I would double check that this isn’t dataset issue. Can you try model.train(mode=True) in your test method? I suspect you’ll get sensible results, but it’s good to make sure before proceeding. Then we’ll know it’s an issue with calling .eval()

I admit, this at first glance is very mysterious. You don’t happen to have dropout layers? They are known to exert a ‘variance shift’ that can affect batchnorm layers.

A small note: The Variable() syntax is depreciated it’s no longer necessary.

Sorry I’m not of much help right now, but I’ll think about it.

Thanks for your reply ,my model doesn’t have dropout layer.I use model.train() at test time ,the result is still terrible…And I also print the data for both train and test ,and they are exactly the same.It’s so frustrating…
@albanD,Sorry for bothering you again…May you please help us out here,Thanks!

I think one of the reason here is the batch normalization layers ,the parameters momentum is 0.01,However ,this example only runs 1820 iterations ,I’m not sure except the pre-trained part(frozen),the running mean of bn layers would estimated correctly…

It does look unexpected.
One comment I would make is that you most likely have bias in your convolutions? Did you forgot to freeze them as well?

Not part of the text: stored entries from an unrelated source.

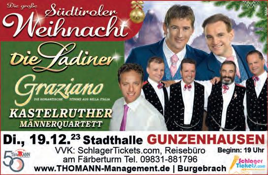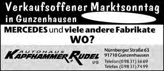 www.vr-sf.de Danke fürIhr Vertrauen! Wirwünschen Ihnen schöne Kirchweihtage in Gunzenhausen! VielVergnügen aufderKirchweih! IhreSparkassewünscht Ihnenschöneundgesellige Kirchweihtage. www.spk-gun.de ManmusskeinSuperdadsein umseineFamiliezuschützen! Tel.098315749512 info@bdv-versicherung.de www.bdv-versicherung.de Über100Gesellschaften-EinAnsprechpartner KerstinStoll-Dörr 01739859325 Kostenloszuhausetesten!
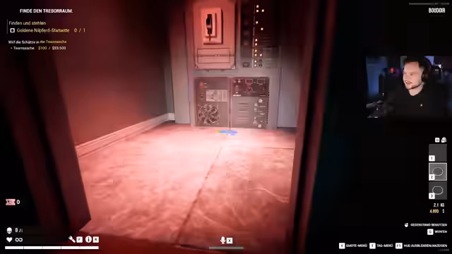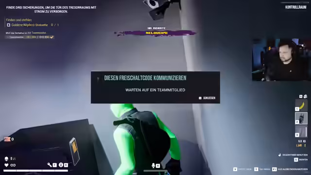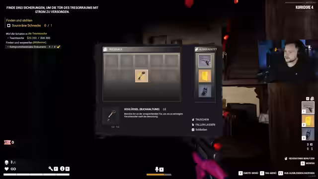 03:59:48Der Stream beginnt mit technischen Schwierigkeiten bei der Lautstegulation und der Erstellung einer privaten Lobby für 'Dark Hour'. Nachdem der Code erfolgreich an die anderen Streamer verteilt wurde, starten das Spiel. Die Gruppe erkundet als 'Diebe' ein Labyrinthartiges Gebäude, sammelt Schätze und muss Hindernisse wie Laser und aggressive Clowns meistern, wobei sie auch ihre erbeuteten Gegenstände in einer gemeinsamen 'Teamtasche' lagern müssen.
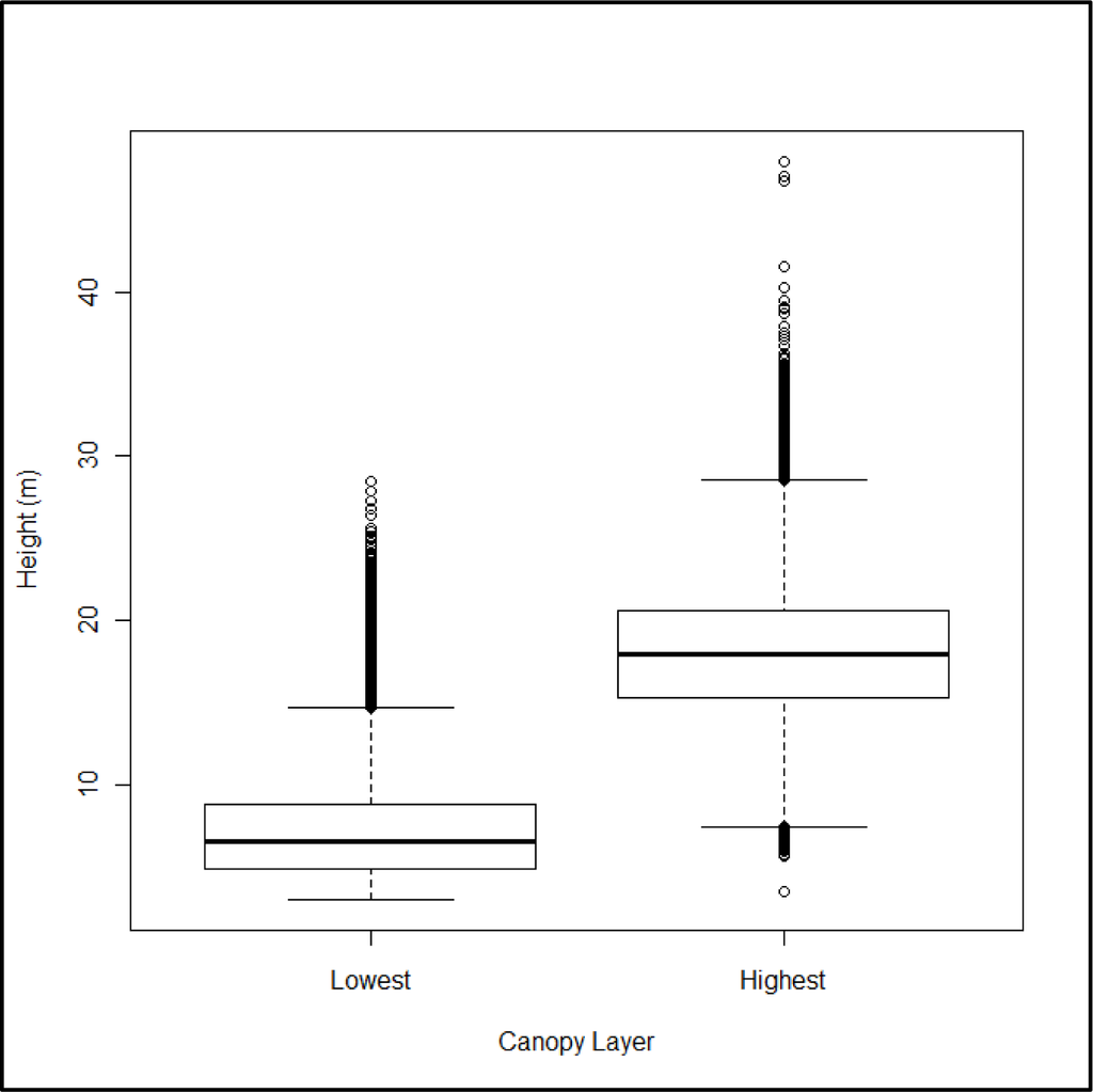 The number of foliage profile layers showed a clear, positive relationship with canopy height (Figure 11): as canopy height increases, the number of layers increases. Summary boxplots suggest a significant difference in median canopy height between most of the layer groups as well. Single-factor ANOVAs were also run between each number of foliage profile layers, confirming the significant difference (p < 0.05) in height between layers.
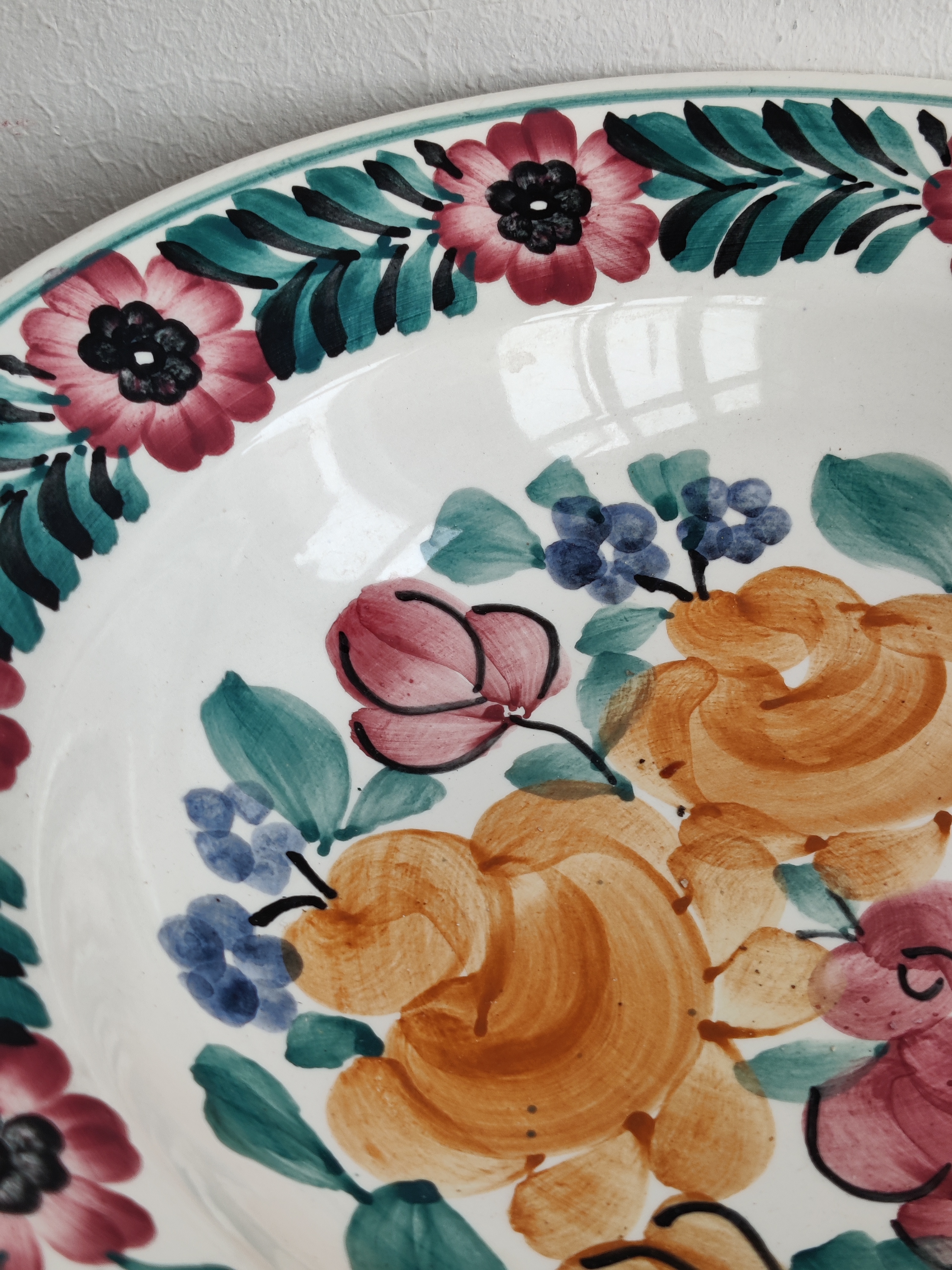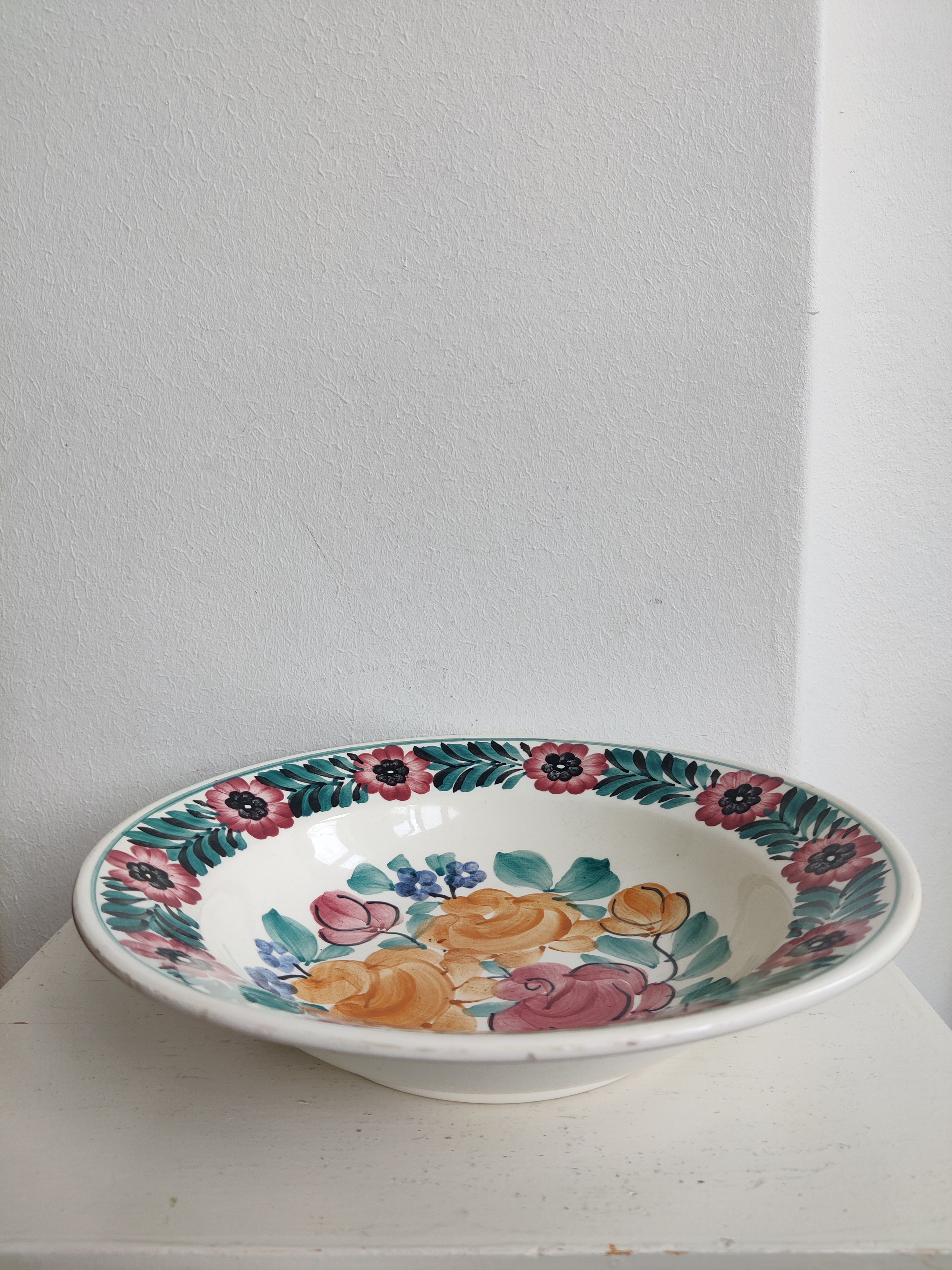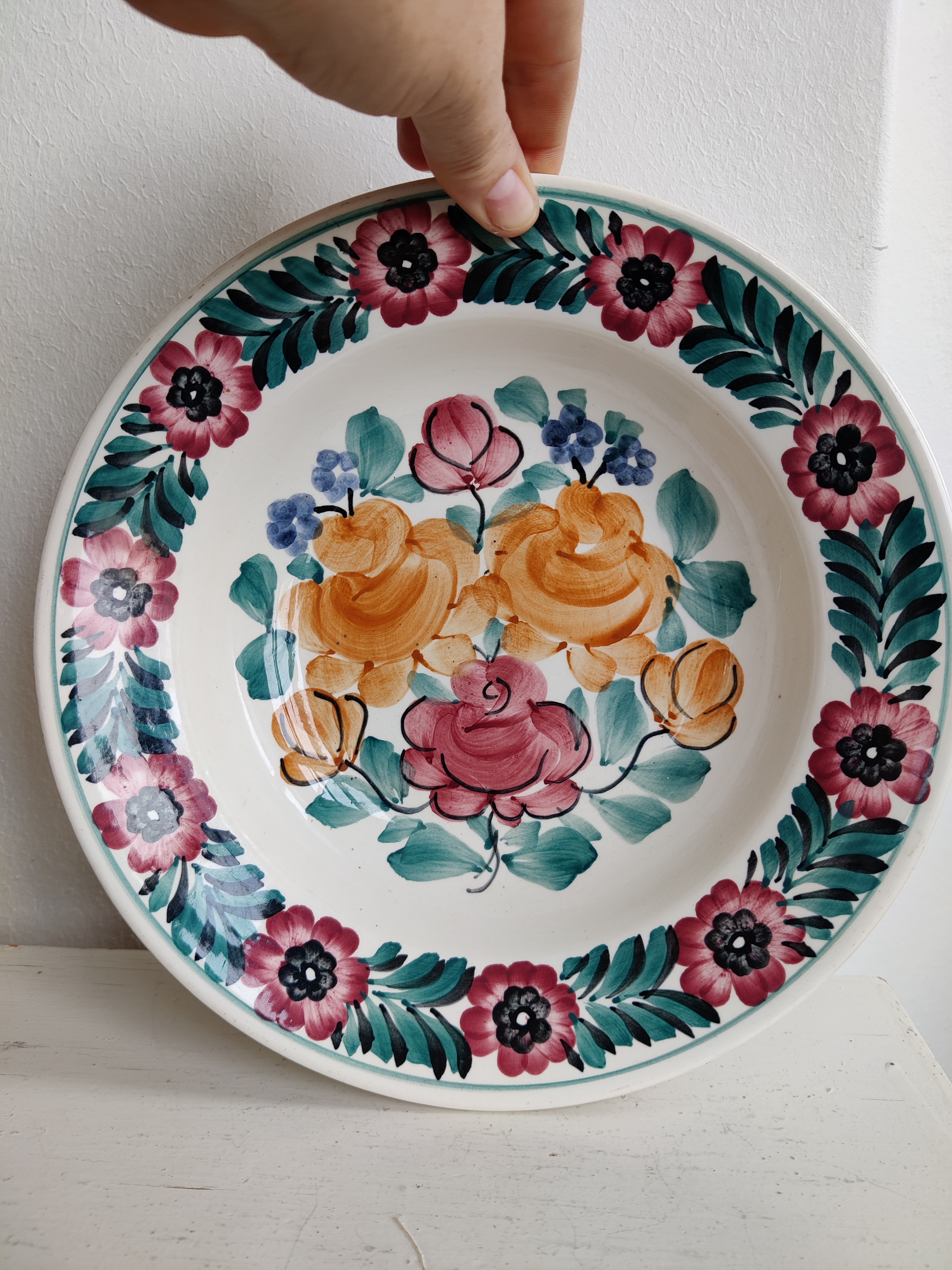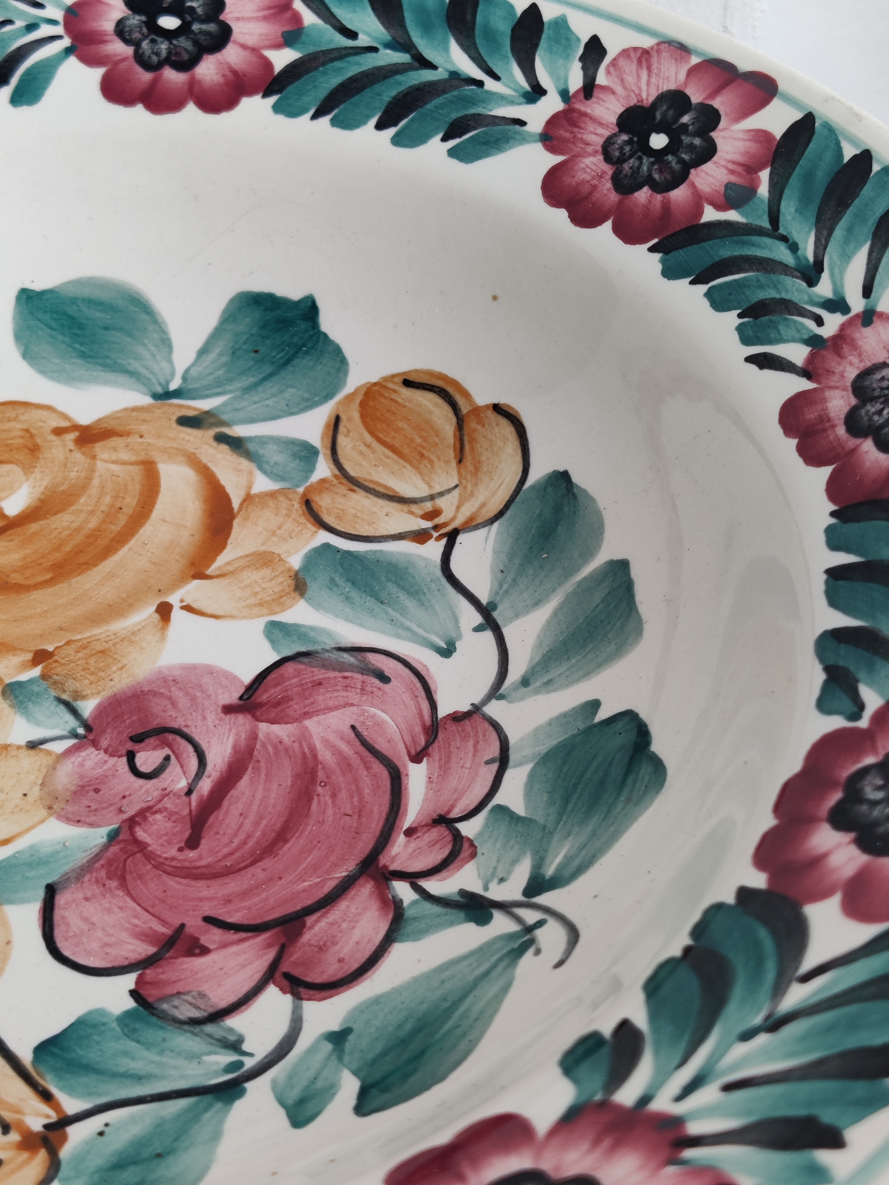 Vintage fajance skål med roser og blomster. Håndmalet og fra 1970'erne. Det kan monteres ophæng bagpå, hvis man hellere vil kigge frem for at bruge. Mål 24 cm.

So is your problem that your model is very severely overfiting to the training set?

@albanD @aauker
Thanks for all your reply, my pre-trained model is resnet50 which I think there’s no bias.

So is your problem that your model is very severely overfiting to the training set?

Actually ,I just wanted to check what model’s prediction looks like in testing set .However ,the result was just terrible.As I saw my training loss decrease beautifully ,so I decided to predict the image in the training set instead of test set. And I found two possible issues to see if you guys agree:

1.Like I mentioned above ,Since I have bn layers going on while training,the estimation of running mean&var with momentum =0.01 is not accurate, and during the test time,the running mean &var would be used.When I set it to 0.15 or even 0.2,the result of testing is actually better as the table 1 in this paper: Super-Convergence: Very Fast Training of Neural Networks Using Large Learning Rates (look at the BN MAF).In my case 10 epochs for testing has less than 2000 iterations.

2.As I printed out the cls_loss and loc_loss for object detection ,and I realized that my cls_loss is not decreasing …So I think there’re some others issues in my code.

I guess I would wrap this up here,haha…the repo that I tried to dig into turns out leaving some problems there…Maybe next time make sure the code works(having good result) before I really dig into it.

I use model.train() at test time ,the result is still terrible…

This is definitely problematic. It means that either your “test” (but really train) data is wrong, or some internal issue with how the loss is calculated.

As I printed out the cls_loss and loc_loss for object detection ,and I realized that my cls_loss is not decreasing …So I think there’re some others issues in my code.

This certainly seems like a key to problem.

I think one of the reason here is the batch normalization layers ,the parameters momentum is 0.01,However ,this example only runs 1820 iterations ,I’m not sure except the pre-trained part(frozen),the running mean of bn layers would estimated correctly…

If you run with batchnorm layers in .eval() mode (which your code suggests you are), the running mean and variance are not updated. You can update only the mean and variance by running in .train() mode and freezing the gradients, which means the affine parameters are not updated.

I think my data is correct and the all steps of processing has been checked repeatedly several times…and my model does have some bn layers besides the ones in the pre-trained model(Resnet50).